• _RECORDED DATA_
━━━━━━━━━━━━━━━━
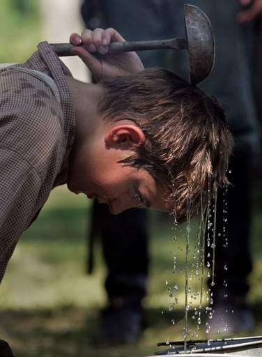 Tom Waliszewski, 10, of Chicago, with the 3rd Tennessee Calvary pours water on his head to stay cool at the civil war living history encampment at the Country Fair and Craft Show at the Methodist Campground in Des Plaines.
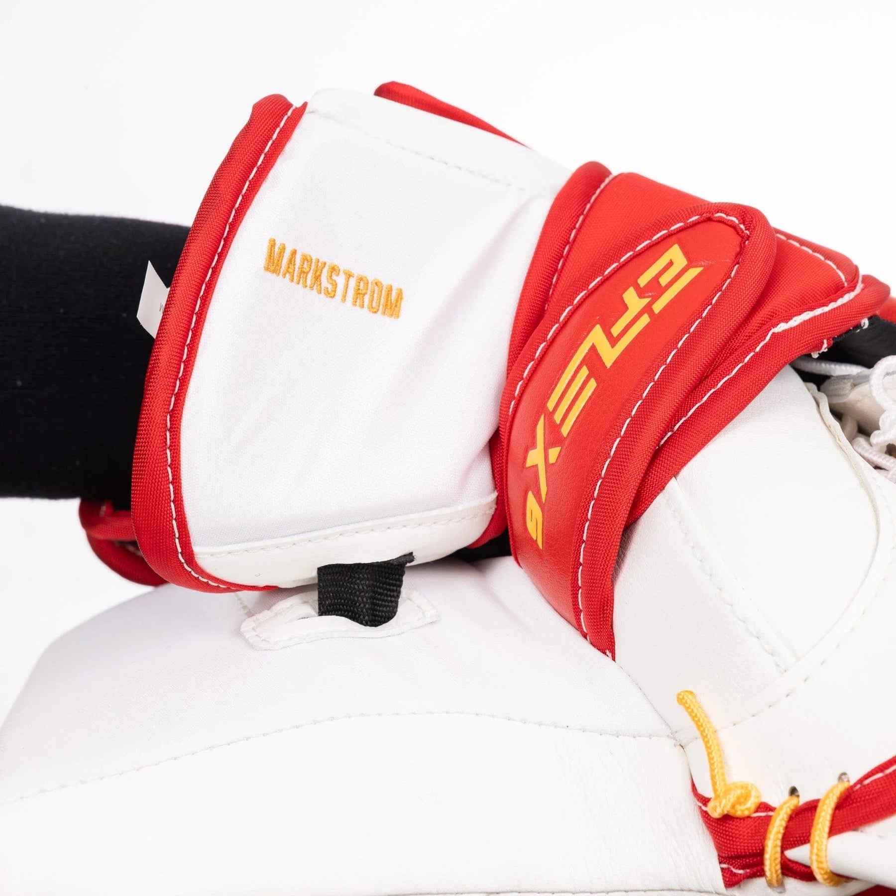 Serving players since 1988.This custom Extreme Flex 6 catcher is a NHL Pro Return from Jacob Markstrom while he was playing for the Calgary Flames. The catcher offers a white and red design to work with both home and away Flame's jerseys.
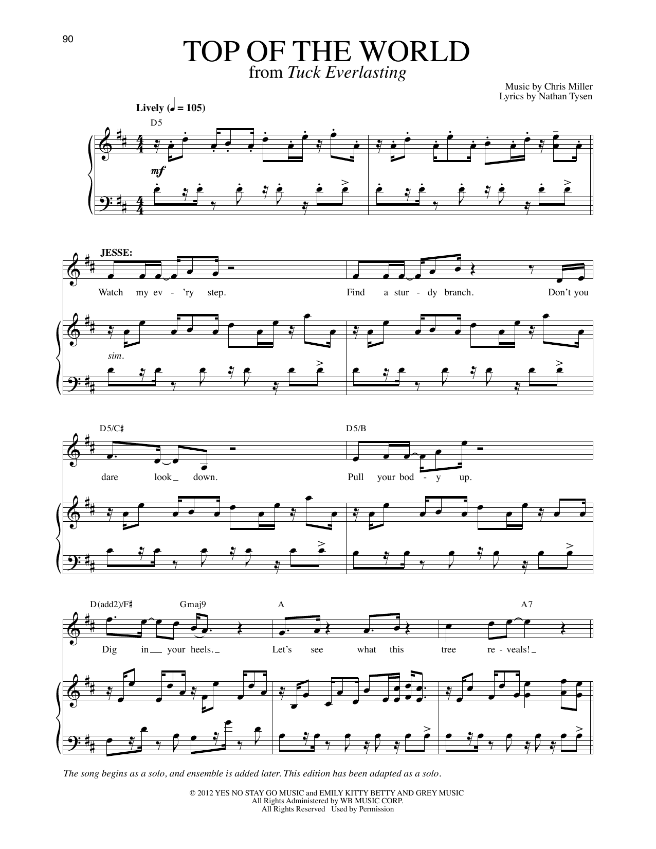 Download or print Chris Miller and Nathan Tysen Top Of The World (Solo Version) (from Tuck Everlasting) sheet music, chords and digital score arranged for Piano & Vocal. This Broadway score includes 7 page(s).
━━━━━━━━━━━━━━━━
• _YOUR INSTRUCTIONS_
Where a picture appears in the listing above, skip it and set down all the rest exactly.

• _SOLUTION FOR THIS TASK_
 Tom Waliszewski, 10, of Chicago, with the 3rd Tennessee Calvary pours water on his head to stay cool at the civil war living history encampment at the Country Fair and Craft Show at the Methodist Campground in Des Plaines.
 Serving players since 1988.This custom Extreme Flex 6 catcher is a NHL Pro Return from Jacob Markstrom while he was playing for the Calgary Flames. The catcher offers a white and red design to work with both home and away Flame's jerseys.
 Download or print Chris Miller and Nathan Tysen Top Of The World (Solo Version) (from Tuck Everlasting) sheet music, chords and digital score arranged for Piano & Vocal. This Broadway score includes 7 page(s).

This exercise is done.